1. Evaluating Different Options for a Specific Step of the FORESEE Pipeline (Here: Blackbox Algorithm) {#usecase1}

In order to investigate those algorithms that are already implemented to train a drug response model, we can use the function listInputOptions.

require(FORESEE)
algorithm_options <- listInputOptions("BlackBoxFilter")

Since we do not want to test a user-defined function for this use case, but only compare already implemented functions, we exclude that option from our list.

algorithm_options <- algorithm_options[algorithm_options != "User Defined Function"]

Moreover, we want to restrict our analysis to gene expression data only. Thus, we exclude the option tandem from our list, as it requires not only gene expression data, but at least one other molecular data type.

algorithm_options <- algorithm_options[algorithm_options != "tandem"]

In the next step, we can run the FORESEE pipeline, looping through the different options in our list. As an example, we use the cell line data set GDSC [@Garnett2012] for training the model and the breast cancer patient data set GSE6434 [@Chang2005] for testing the model.

roc_auc <- c()

# Loop
for (i in 1:length(algorithm_options)){

# Train a model on GDSC cell line data
ForeseeTrain(
  TrainObject=GDSC, 
  TestObject=GSE6434, 
  DrugName="Docetaxel", 
  CellResponseType = "LN_IC50", 
  CellResponseTransformation = "none", 
  InputDataTypes = "GeneExpression", 
  TrainingTissue = "all", 
  TestingTissue = "all", 
  DuplicationHandling = "first", 
  HomogenizationMethod = "ComBat",
  GeneFilter = "variance", 
  FeaturePreprocessing = "none", 
  BlackBox = algorithm_options[i], 
  nfoldCrossvalidation = 1
)

# Test the model on GSE6434 patient data
ForeseeTest(
  TestObject=TestObject, 
  ForeseeModel=ForeseeModel, 
  Evaluation = "rocauc", 
  BlackBox = algorithm_options[i]
)

# Collect AUC of ROC as performance measure in a list
roc_auc[i] <-  Performance
}

In order to get an overview of the performances of the different algorithm options, we can plot the results in a diagram.

# Plot the results
plot(roc_auc, xlab = "Black Box Algorithm", ylab = "AUC of ROC", xaxt='n',main="Performance of Predicting Drug Sensitivity \nin GSE6434 Patients Using GDSC Data for Training")
axis(1, at=1:7, labels=algorithm_options)

2. Comparing Modeling Performance of a Specific Pipeline on Different Data Sets {#usecase2}

In order to check for the performance stability of a model, it can be interesting to apply the same pipeline of preprocessing and processing methods to different data sets.
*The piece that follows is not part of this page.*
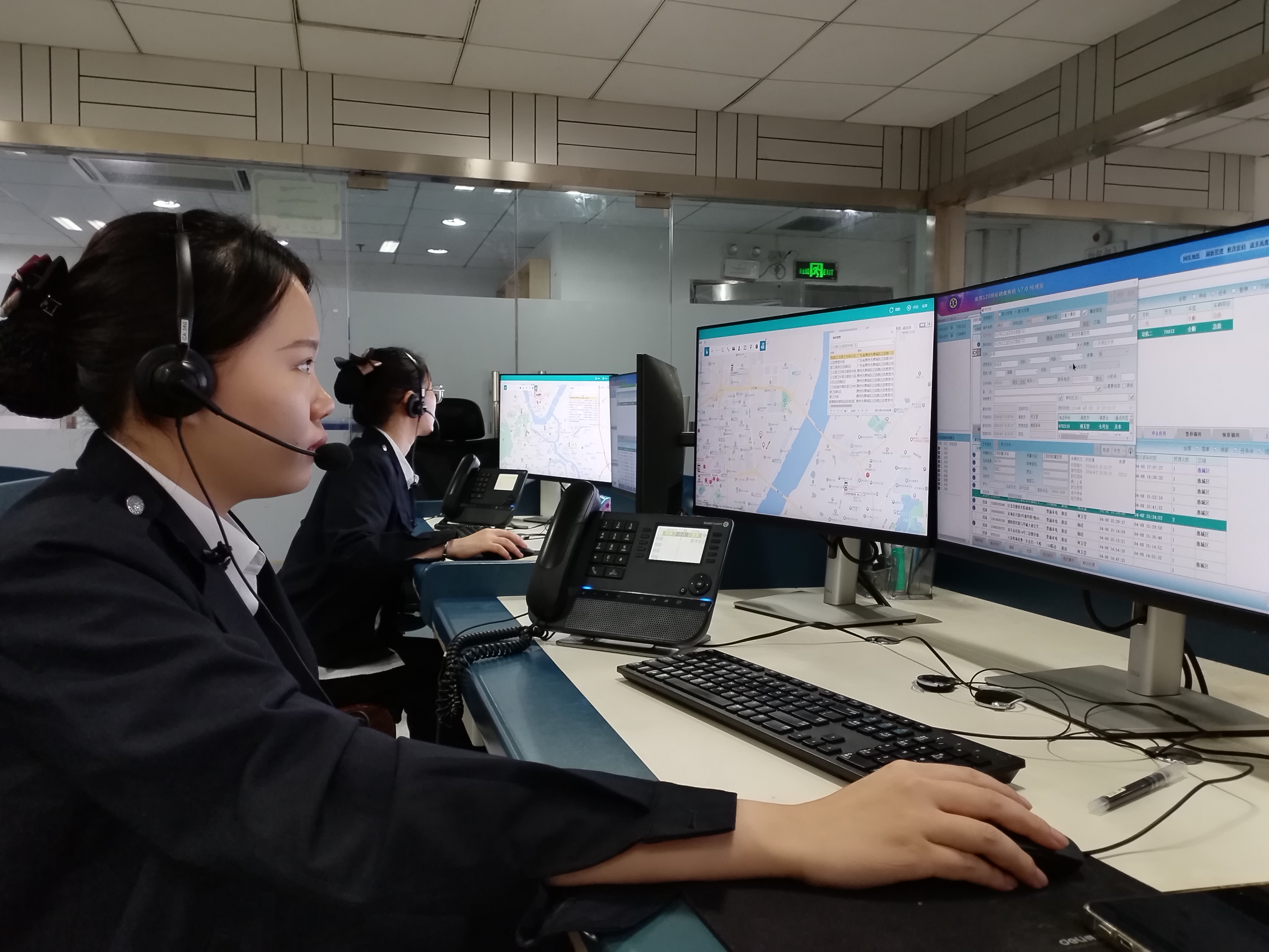 調(diào)度員何玉瑩在接聽市民來電。惠州日?qǐng)?bào)記者周智聰 攝

Since both, the data set by Daemen et al. [@Daemen2013] and the GDSC data set [@Garnett2012], are well-known cell line data sets that contain data for Docetaxel, we chose these as separate training data sets to train our model. The resulting model is then tested on the breast cancer patient data set GSE6434 [@Chang2005].
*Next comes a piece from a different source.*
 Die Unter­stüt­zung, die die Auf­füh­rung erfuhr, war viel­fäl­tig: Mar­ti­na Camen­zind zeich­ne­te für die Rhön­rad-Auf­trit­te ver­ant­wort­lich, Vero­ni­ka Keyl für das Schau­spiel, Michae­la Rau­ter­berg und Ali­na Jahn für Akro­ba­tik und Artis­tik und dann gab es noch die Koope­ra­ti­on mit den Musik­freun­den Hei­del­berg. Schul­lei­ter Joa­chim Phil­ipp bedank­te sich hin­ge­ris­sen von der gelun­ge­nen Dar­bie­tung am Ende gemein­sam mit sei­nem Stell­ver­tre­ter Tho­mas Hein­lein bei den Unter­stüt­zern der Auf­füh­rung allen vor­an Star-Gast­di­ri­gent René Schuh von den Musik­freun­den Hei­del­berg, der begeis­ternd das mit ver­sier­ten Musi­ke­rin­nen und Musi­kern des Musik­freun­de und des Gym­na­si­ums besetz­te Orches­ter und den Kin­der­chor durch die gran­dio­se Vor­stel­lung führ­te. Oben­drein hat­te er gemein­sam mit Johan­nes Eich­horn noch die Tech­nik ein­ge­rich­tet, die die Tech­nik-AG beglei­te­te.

We start with the GDSC data set, which includes the natural logarithms of IC50 values as drug sensitivity measure.

require(FORESEE)
require(pROC)

ForeseeTrain(
  TrainObject=GDSC, 
  TestObject=GSE6434, 
  DrugName="Docetaxel", 
  CellResponseType = "LN_IC50",
  CellResponseTransformation = "none", 
  InputDataTypes = "GeneExpression", 
  TrainingTissue = "all",
  TestingTissue = "all", 
  DuplicationHandling = "first", 
  HomogenizationMethod = "ComBat",
  GeneFilter = "variance",
  FeaturePreprocessing = "none", 
  BlackBox = "rf_ranger", 
  nfoldCrossvalidation = 1
)

# Apply the trained model to patient data             
Foreseen<- Foreseer(
  TestObject=TestObject, 
  ForeseeModel=ForeseeModel, 
  BlackBox = "rf_ranger"
)
ROCObj_GDSC <- pROC::roc(TestObject$Annotation, Foreseen, direction=">", auc=TRUE)
rocauc_GDSC <-ROCObj_GDSC$auc

Next, we use almost the same routine for the data set published by Daemen et al.. In order to investigate which drug sensitivity measures are available, we call:

DAEMEN$ResponseTypes

or

listInputOptions("CellResponseType", DAEMEN)
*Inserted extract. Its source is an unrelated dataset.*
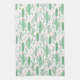 Bright Green Cactus Succulent Blossoms Pattern Tea Towel

Since GI50 values are the only available response measure, we choose them for CellResponseType instead of IC50 values.

ForeseeTrain(
  TrainObject=DAEMEN, 
  TestObject=GSE6434, 
  DrugName="Docetaxel", 
  CellResponseType = "GI50",
  CellResponseTransformation = "none", 
  InputDataTypes = "GeneExpression", 
  TrainingTissue = "all",
  TestingTissue = "all", 
  DuplicationHandling = "first", 
  HomogenizationMethod = "ComBat",
  GeneFilter = "variance", 
  FeaturePreprocessing = "none", 
  BlackBox = "rf_ranger", 
  nfoldCrossvalidation = 1
)

# Apply the trained model to patient data 
Foreseen<- Foreseer(
  TestObject=TestObject, 
  ForeseeModel=ForeseeModel, 
  BlackBox = "rf_ranger"
)
ROCObj_DAEMEN <- pROC::roc(TestObject$Annotation, Foreseen, direction=">", auc=TRUE)
rocauc_DAEMEN <-ROCObj_DAEMEN$auc

Plotting the corresponding ROC curves for both models, we see that for this specific set of parameters and methods, the model trained on GDSC data performs better than the model trained on the data by Daemen et al..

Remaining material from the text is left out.